If you are planning to start a new business this year, you must be aware of your responsibilities regarding federal taxes. Here are the seven things that the IRS considers vital for you to know if you plan on opening a new business this year.
1. Business Structure
First, you must decide what type of business entity you are going to establish. The type you decide upon will determine a great deal about your taxes, such as which tax forms you have to file. The most common types of business are the sole proprietorship, partnership, corporation and S corporation.
Sole proprietor. A sole proprietor is someone who owns an unincorporated business by himself or herself. However, if you are the sole member of a domestic limited liability company (LLC), you are not a sole proprietor if you elect to treat the LLC as a corporation.
Partnerships . A partnership is the relationship existing between two or more persons who join to carry on a trade or business.
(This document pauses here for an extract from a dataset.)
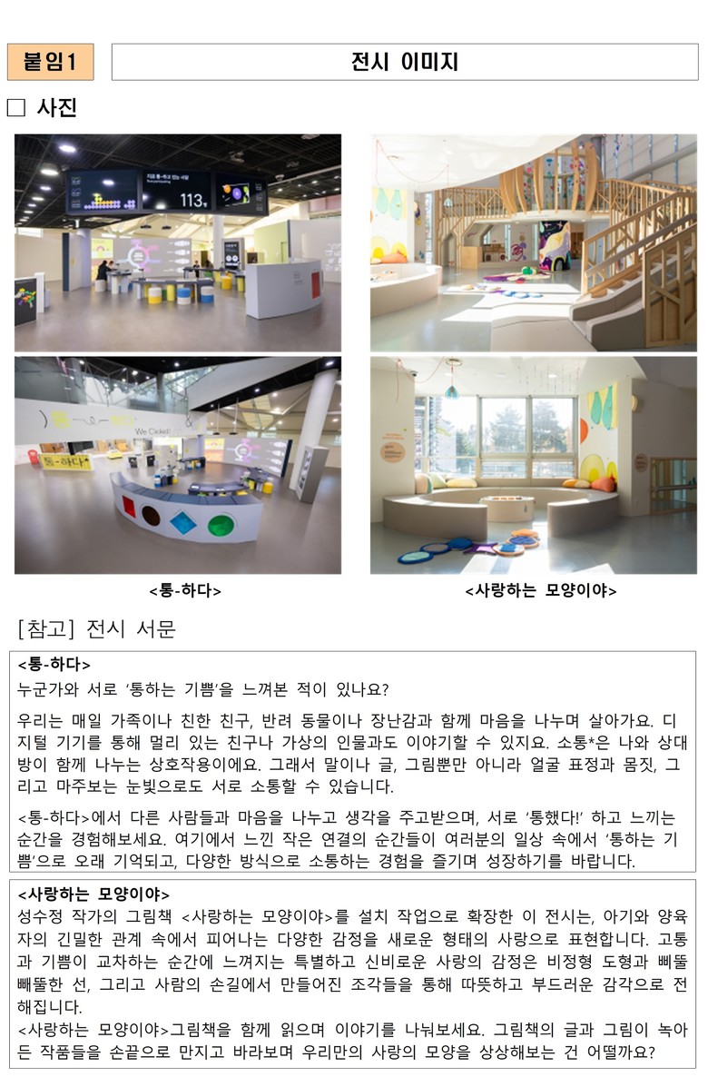 서울상상나라는 올해 이어진 변화들을 기반으로 2026년에는 어린이의 정서·소통 발달을 중심에 둔 전시·교육을 지속 확대해 나갈 계획이다. 다문화·초고령 사회로의 변화와 세대 간 갈등이 심화되는 시대 흐름 속에서 ‘소통 역량’을 미래 시민의 핵심 능력으로 보고, <통-하다>를 시작으로 내년에는 1층의 예술놀이 영역을 ‘소통’을 주제로 순차적으로 재구성할 예정이다.

Each person contributes money, property, labor or skill, and expects to share in the profits and losses of the business.
A partnership must file an annual information return to report the income, deductions, gains, losses, etc., from its operations, but it does not pay income tax. Instead, it "passes through" any profits or losses to its partners. Each partner includes his or her share of the partnership's income or loss on his or her tax return.
Partners are not employees and should not be issued a Form W-2. The partnership must furnish copies of Schedule K-1 (Form 1065) to the partners by the date Form 1065 is required to be filed, including extensions.
C Corporations . Here, prospective shareholders exchange money, property, or both, for the corporation's capital stock. A corporation generally takes the same deductions as a sole proprietorship to figure its taxable income. A corporation can also take special deductions. For federal income tax purposes, a C corporation is recognized as a separate taxpaying entity. A corporation conducts business, realizes net income or loss, pays taxes and distributes profits to shareholders.
The profit of a corporation is taxed to the corporation when earned, and then is taxed to the shareholders when distributed as dividends. This creates a double tax. The corporation does not get a tax deduction when it distributes dividends to shareholders. Shareholders cannot deduct any loss of the corporation.
S Corporations . S corporations are corporations that elect to pass corporate income, losses, deductions and credit through to their shareholders for federal tax purposes. Shareholders of S corporations report the flow-through of income and losses on their personal tax returns and are assessed tax at their individual income tax rates. This allows S corporations to avoid double taxation on the corporate income. S corporations are responsible for tax on certain built-in gains and passive income. To qualify for S corporation status, the corporation must meet the following requirements:
- Be a domestic corporation
- Have only allowable shareholders including individuals, certain trust, and estates and may not include partnerships, corporations or non-resident alien shareholders
- Have no more than 100 shareholders
- Have one class of stock
- Not be an ineligible corporation i.e. certain financial institutions, insurance companies, and domestic international sales corporations.
- Submit Form 2553 Election by a Small Business Corporation (PDF) signed by all the shareholders.
Limited Liability Companies (LLC). This is a relatively new business structure similar to a corporation in that the owners have limited personal liability for the debts and actions of the LLC. Other features of LLCs are more like a partnership, providing management flexibility and the benefit of pass-through taxation. Owners of an LLC are called members. Since most states do not restrict ownership, members may include individuals, corporations, other LLCs and foreign entities. There is no maximum number of members. Most states also permit “single member” LLCs, those having only one owner.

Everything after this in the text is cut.